» **EXERCISE**
Omit all pictures, then repeat the listing exactly.

» **DATA SECTION**
*** Block opens ***
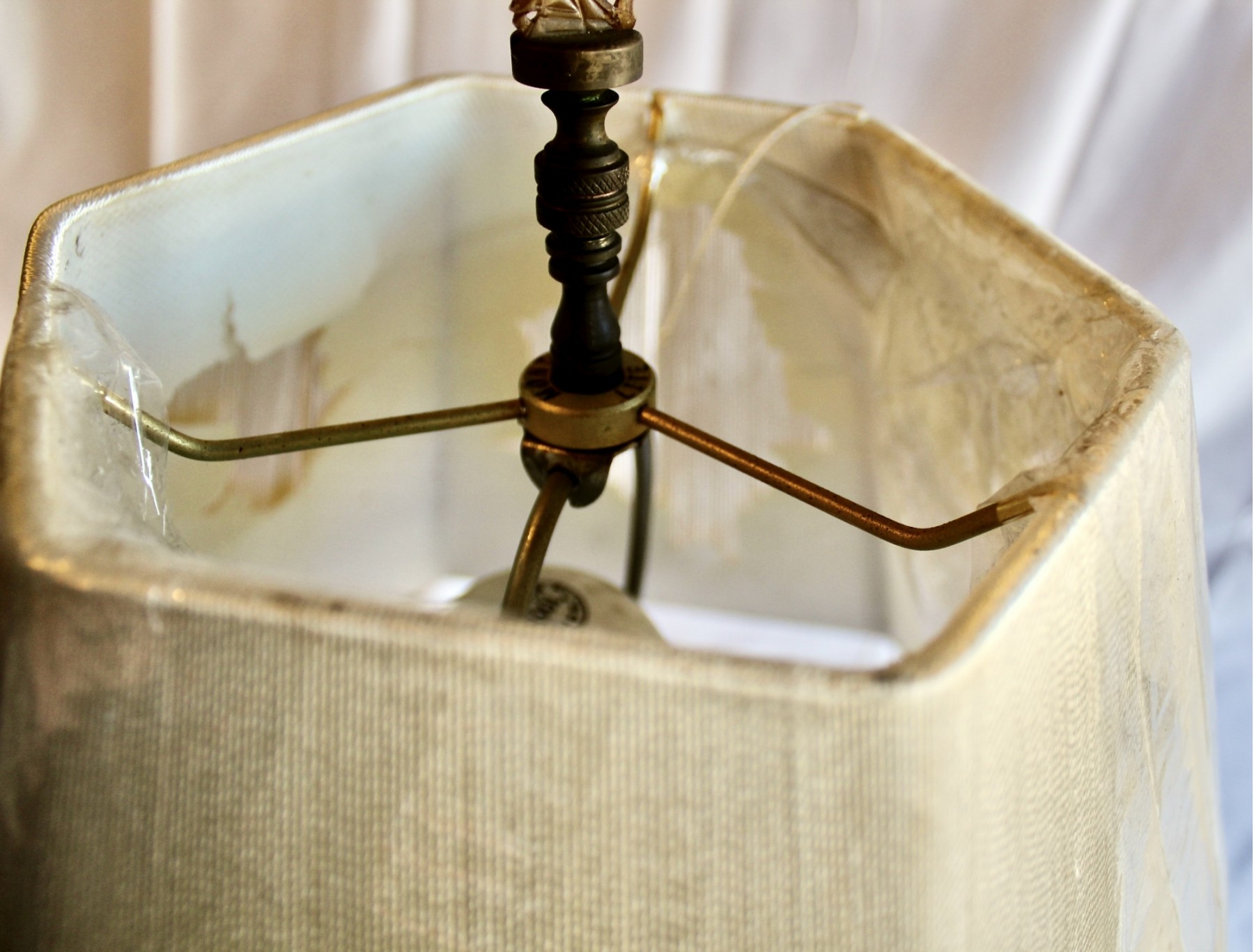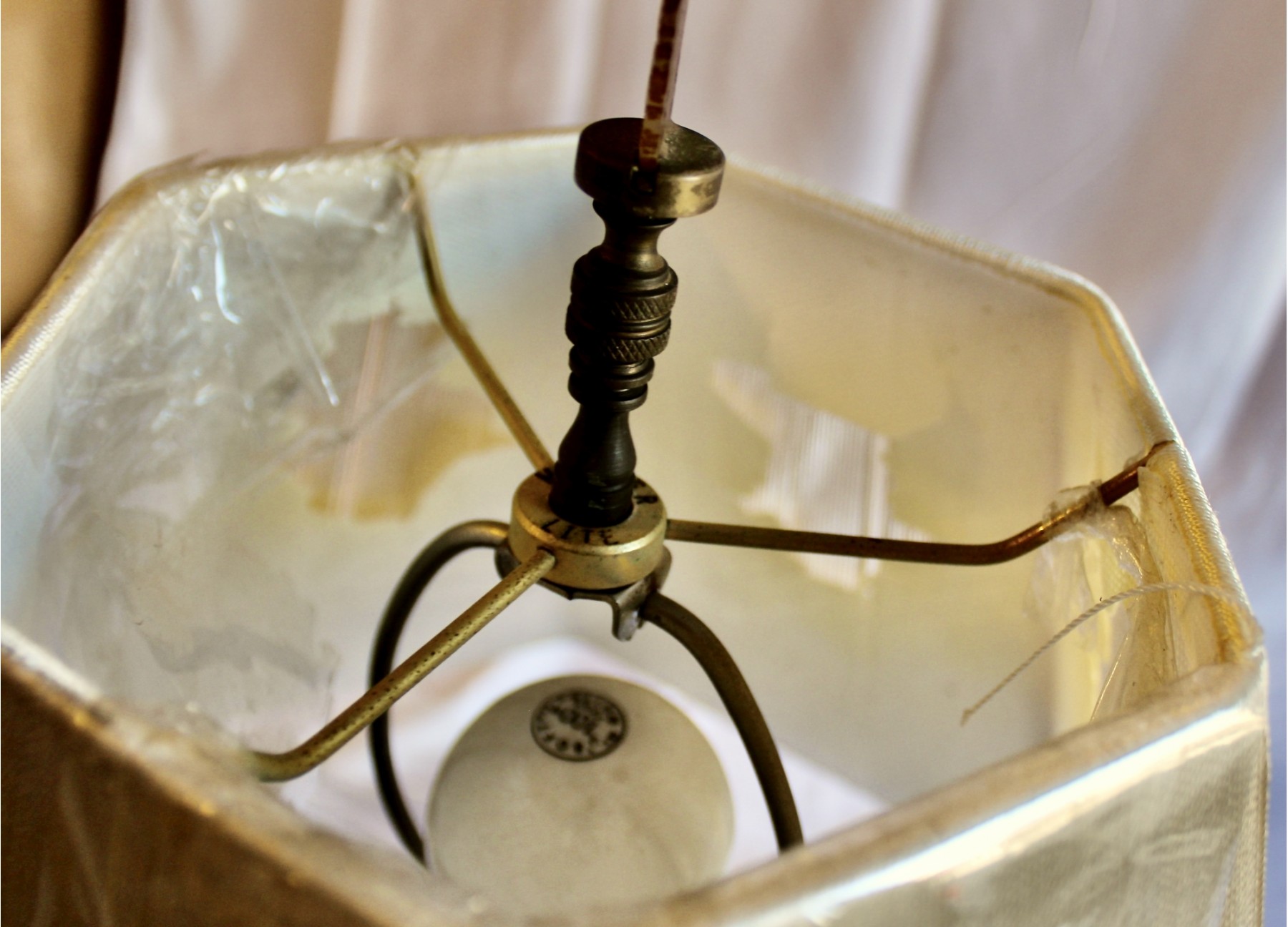 Condition: OK to Good Condition; Works; Lamp missing on of the legs; Inside of shade is not in good condition; Natural scratches on lamp due to years of use; Please see pictures
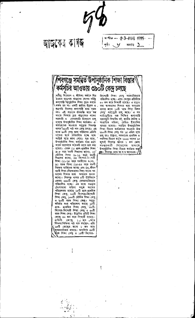 শিবগঞ্জে সমন্বিত উপানুষ্ঠানিক শিক্ষা বিস্থার কর্মসূচির আওতায় ৩৯০টি কেন্দ্র চলছে Published on Newspaper দৈনিক আজকের কাগজ Category Educational Ministry / Departments Education Ministry / Division / Directorate Download
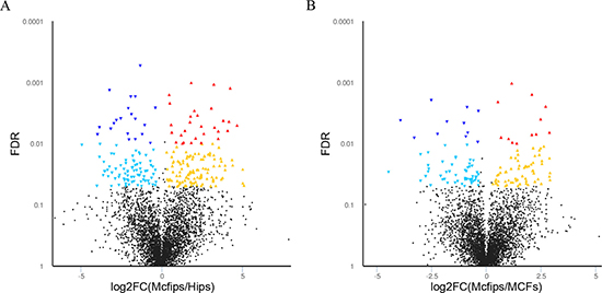 Figure 2: Volcano plot of proteins expressed in the Mcfips comparing to MCFs and Hips, respectively. The X-axis represents log2-fold change of high- (positive values) and low-expressed (negative values) proteins in (A) Mcfips comparing in comparison to Hips, (B) Mcfips comparing in comparison to MCFs. The Y-axis corresponds to the false discovery rate (FDR) of this fold change. Blue inverted triangle: low-expressed protein with FDR < 0.01; green inverted triangle: low-expressed protein with FDR < 0.05; black spot: no significant differential protein; red triangle: high-expressed protein with FDR < 0.01; yellow triangle: high-expressed protein with FDR < 0.05.
*** Block closes ***
» **RESULT**
 Condition: OK to Good Condition; Works; Lamp missing on of the legs; Inside of shade is not in good condition; Natural scratches on lamp due to years of use; Please see pictures
 শিবগঞ্জে সমন্বিত উপানুষ্ঠানিক শিক্ষা বিস্থার কর্মসূচির আওতায় ৩৯০টি কেন্দ্র চলছে Published on Newspaper দৈনিক আজকের কাগজ Category Educational Ministry / Departments Education Ministry / Division / Directorate Download
 Figure 2: Volcano plot of proteins expressed in the Mcfips comparing to MCFs and Hips, respectively. The X-axis represents log2-fold change of high- (positive values) and low-expressed (negative values) proteins in (A) Mcfips comparing in comparison to Hips, (B) Mcfips comparing in comparison to MCFs. The Y-axis corresponds to the false discovery rate (FDR) of this fold change. Blue inverted triangle: low-expressed protein with FDR < 0.01; green inverted triangle: low-expressed protein with FDR < 0.05; black spot: no significant differential protein; red triangle: high-expressed protein with FDR < 0.01; yellow triangle: high-expressed protein with FDR < 0.05.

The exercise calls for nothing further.